The media’s #MeToo blind spot

My question, a rhetorical one: Why haven’t a plethora of similar accusations arisen from First Nations women? It’s not because such experiences do not exist.  In 2014, the Atlantic Monthly delved into the subject in Rape Culture in the Alaskan Wilderness, a frank piece about the horrific rate of sexual assault in Alaska’s native communities. There, the reporter found the incidence of rape was almost three times the national average and that “for child sexual assault, it’s nearly six times”. Predators ranged from uncles and elders to drunken friends of stoned parents. Girls as young as 13 had been abused, attacked, and raped.

Also in 2014, Statistics Canada reported similarly disproportionate data for First Nations girls and women in this country. It was based on self-reporting by females who live on and off reserves. The Toronto Star reports that the Ontario Federation of Friendship Centres estimates that 75 to 80 percent of girls under 18 on reserves may have been victims of sexual assault. And on reserves especially, it seems, few go public with their stories. One of the rare ones to do so was Freda Ens, who was 59 when she told a reporter in 2016 that she had been repeatedly raped by male relatives while growing up in Old Masset Village, a Haida community in British Columbia. Ens urged other victims to come forward; otherwise, she said, “We are covering it up.”

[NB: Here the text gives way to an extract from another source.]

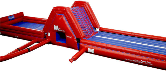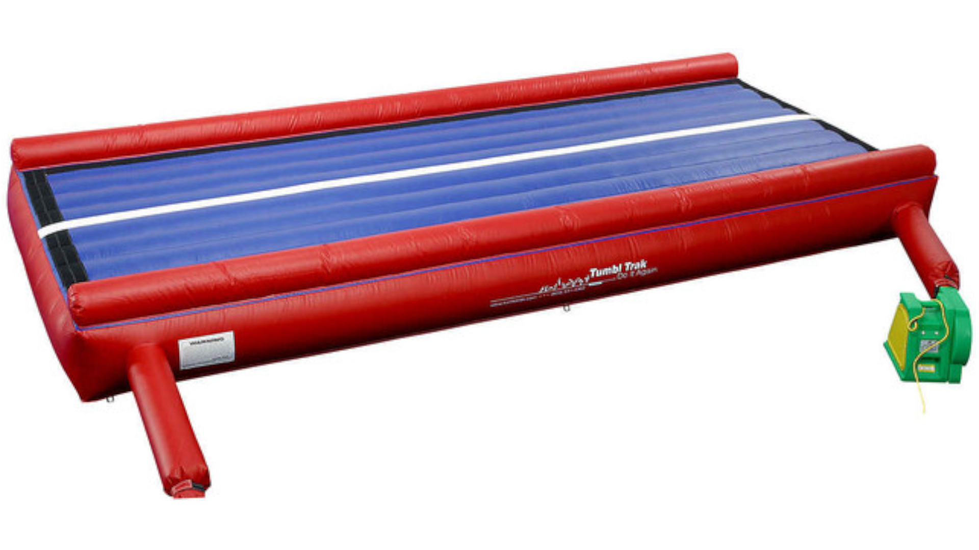 The Air Trak is ideal alternative to traditional spring floors or tumbling tracks. They are portable and do not require permanent space. The Air Trak runs from a 2.0 HP high output, constant flow blower (included in price) and takes less than 30 seconds to inflate and 5 minutes to deflate. Add-on pieces include Catcher (for soft landings or an above-ground pit) and Mini Mountain (a backstop for tumbling or for fun climbing and tunneling, especially for birthday parties).

Also in 2016, CBC Radio interviewed “Deborah” from Vanderhoof, B.C., (her last name was not provided), who said her mother, sister, and other female relatives had died of alcohol and drug abuse as a result of the sexual abuse they had suffered as children. Their abusers got away with it, she said, because “there’s a really strong no-talk culture on First Nations reserves where people know things are going on.” It’s actually dangerous to speak out, she noted, recalling that when she tried to obtain legal help for two young girls who were being sexually abused, someone tried to burn down her on-reserve house.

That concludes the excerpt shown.